PROVIDED DATA:
---------------
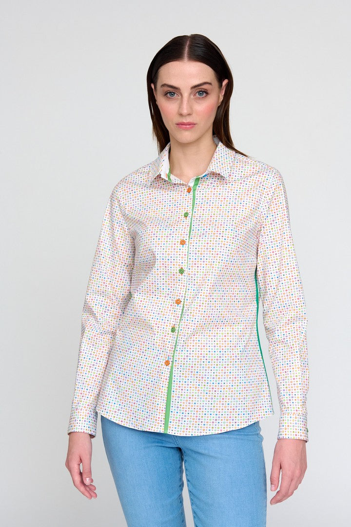 The Tinta Cenon Shirt is crafted from soft cotton poplin and features a vibrant floral geometric print. Designed with a straight cut, it includes a classic shirt collar and a front closure with colourful buttons. The long sleeves are finished with cuffs and a two-button closure, complemented by a green ribbon detail. A back pleat and slightly rounded hem add the finishing touches to this stylish and versatile piece.
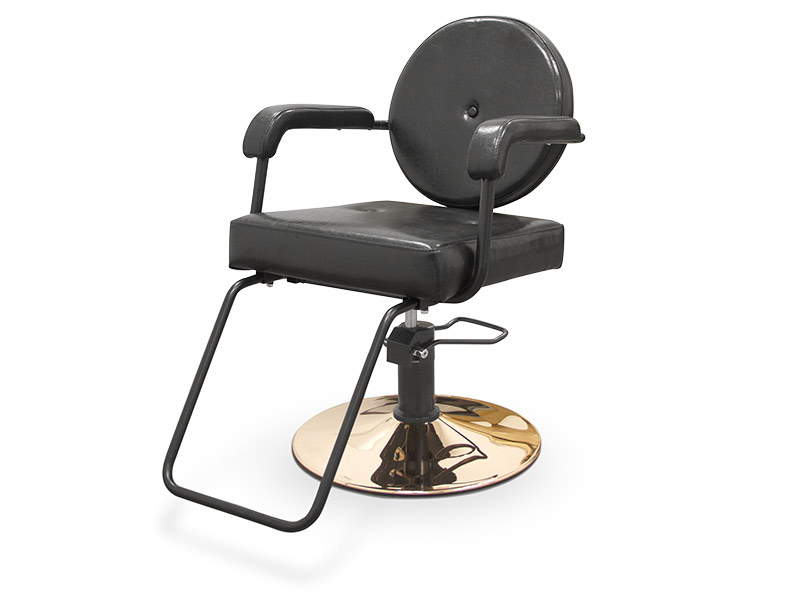 Styling chair Brindisi with original round backrest and high quality finishing. Height adjustable through hydraulic system. It features a big round base to provide great stability, footrest and comfortable padding. 360º turning.
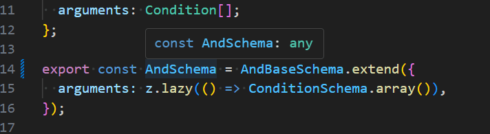 z.ZodType<And>を指定しない場合はAndSchemaの型がanyになってしまいます。
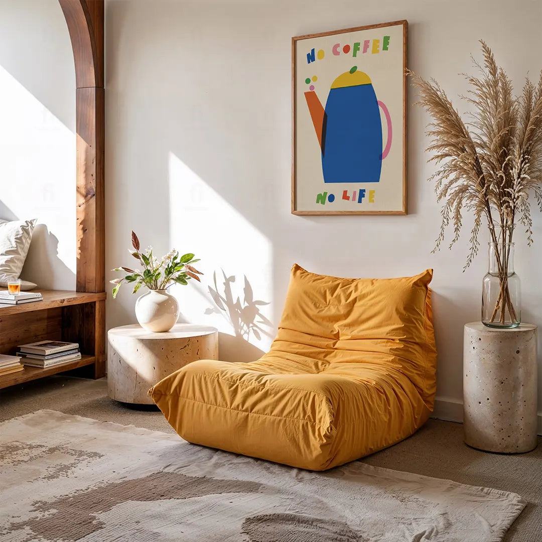 Prosta prawda życiowa dla każdego kawosza: bez kawy nie ma życia! Ten energetyczny plakat z niebieskim dzbankiem w stylu retro i kolorową, wycinankową typografią to idealny sposób na ożywienie kuchni. Grafika jest radosna, bezpretensjonalna i codziennie rano przypomina, co jest najważniejszym punktem programu.
---------------
WHAT YOU ARE ASKED TO DO: An exact copy of the listing is required; return it without any pictures.

ANSWER TO THE PROBLEM:
 The Tinta Cenon Shirt is crafted from soft cotton poplin and features a vibrant floral geometric print. Designed with a straight cut, it includes a classic shirt collar and a front closure with colourful buttons. The long sleeves are finished with cuffs and a two-button closure, complemented by a green ribbon detail. A back pleat and slightly rounded hem add the finishing touches to this stylish and versatile piece.
 Styling chair Brindisi with original round backrest and high quality finishing. Height adjustable through hydraulic system. It features a big round base to provide great stability, footrest and comfortable padding. 360º turning.
 z.ZodType<And>を指定しない場合はAndSchemaの型がanyになってしまいます。
 Prosta prawda życiowa dla każdego kawosza: bez kawy nie ma życia! Ten energetyczny plakat z niebieskim dzbankiem w stylu retro i kolorową, wycinankową typografią to idealny sposób na ożywienie kuchni. Grafika jest radosna, bezpretensjonalna i codziennie rano przypomina, co jest najważniejszym punktem programu.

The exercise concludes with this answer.